Token usage in the report

gensie eval --usage-log <path> attributes per-instance token usage from the inference server's JSONL usage log; without it, the evaluator falls back to the X-GenSIE-Token-Usage response header your agent emits. Either way the report gains a token_usage block (avg_total_per_instance, max_total, over_target_count, over_soft_count, avg_within_target, source). The 32K target is a soft average over the test set — same spirit as the time budget. The reference agent reports the header automatically via gensie.usage.UsageTracker; reuse it in your own agent: self.usage = UsageTracker() in __init__, self.usage.reset() at the top of run(), self.usage.add(response.usage) after each model call. (Completion requests must be non-streaming — stream: false.)

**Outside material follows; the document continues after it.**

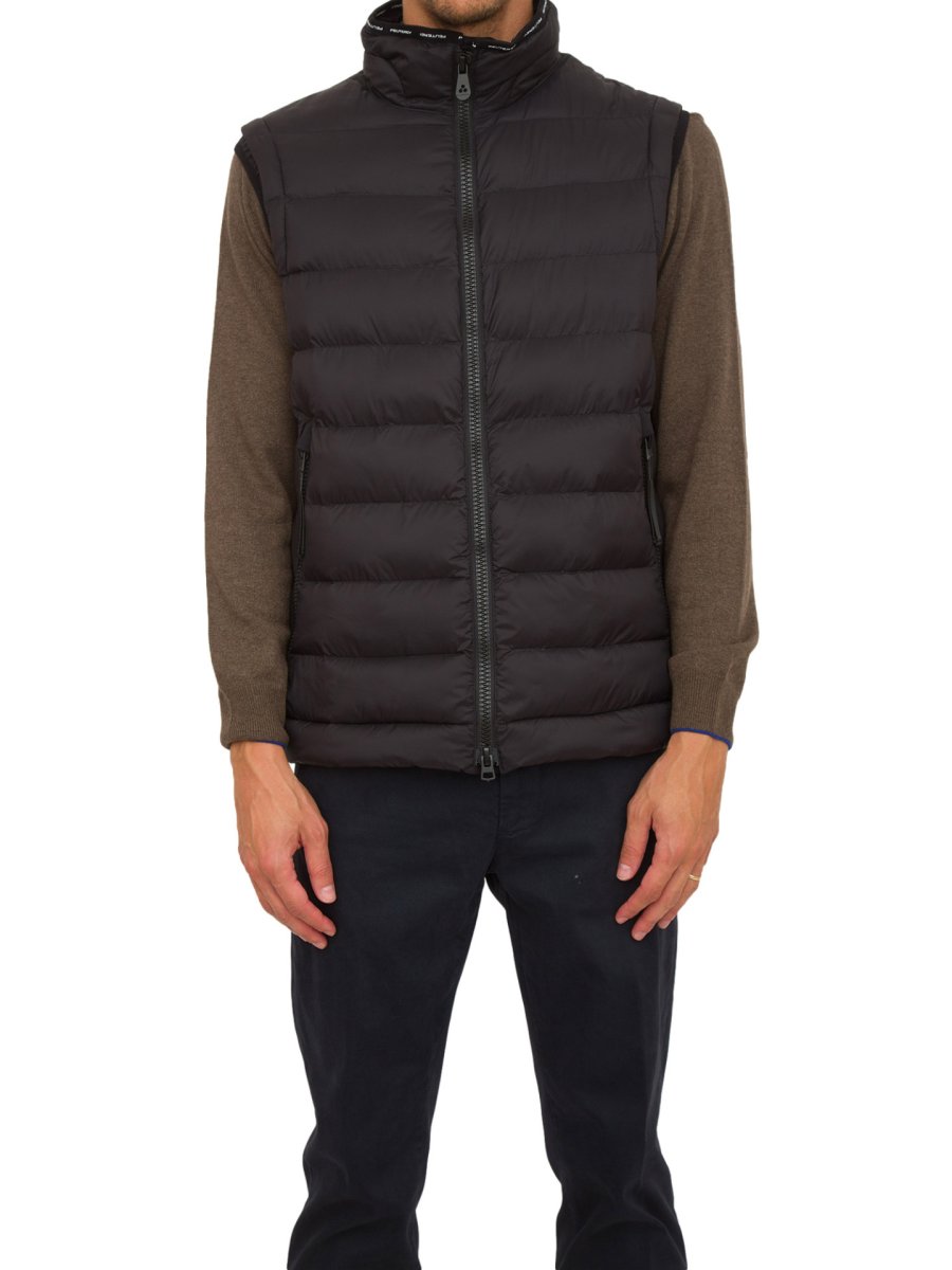 Gilet trapuntato Peuterey in tessuto superleggero di soli 40 gr di peso, realizzato con un nylon 20 denari e semi-opaco, con imbottitura in PrimaLoft® ThermoPlume®. Full zip centrale, tasche laterali e collo in piedi bordato da nastro logato.

Ranking against a baseline

Once you have one or more reports (and a baseline report with --pipeline baseline), gensie rank reproduces the official primary leaderboard — the fraction of the baseline→perfect F1 gap closed, averaged over models:

gensie rank results/            # rich tables
gensie rank results/ --plain    # Markdown
gensie rank results/examples    # a runnable example with synthetic data

See Task Description → Evaluation Metrics for what the numbers mean.

5. How to Hack

To start building your own solution:

Configure Inference: Before launching your container, ensure your .env file points to a valid backend. You can host a local model using LMStudio or connect to an external provider by setting OPENAI_BASE_URL and OPENAI_API_KEY.
Launch: Start the environment:
```
docker compose up --build
```
Implement: Create a new agent class in src/gensie/ that inherits from GenSIEAgent.
Register: Add your agent to the OfficialParticipant class inside baseline.py.
Benchmark: Run gensie eval to see your progress.

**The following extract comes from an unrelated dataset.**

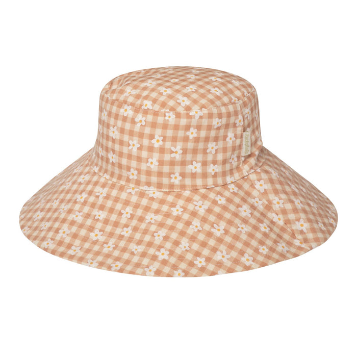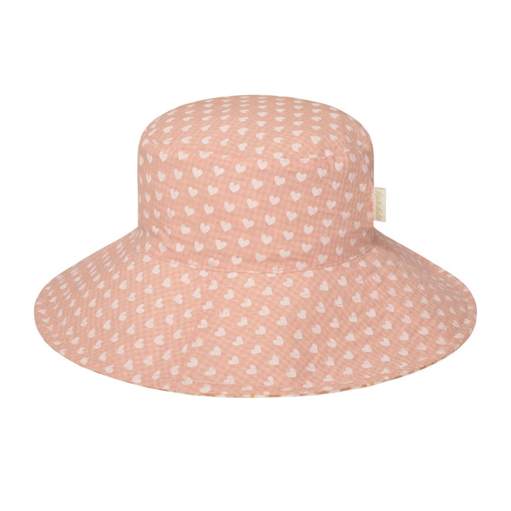 Stay protected from the hot summer sun in this fun daisy gingham sun hat! Fully reversible with the sweet daisy gingham print on one side and our pink heart print fabric on the other. With a wide brim for extra shade, it is a totally practical hat for adventures in the garden, the park or on holiday!

Fast Iteration with Docker

The provided Dockerfile installs the package in editable mode. You can use Docker Compose to build and run your agent with local volume mounting and environment variables pre-configured:

docker compose up --build

This will:

Build the agent image.
Mount your local code so changes are reflected instantly (via FastAPI reload).
Load your API keys from the .env file.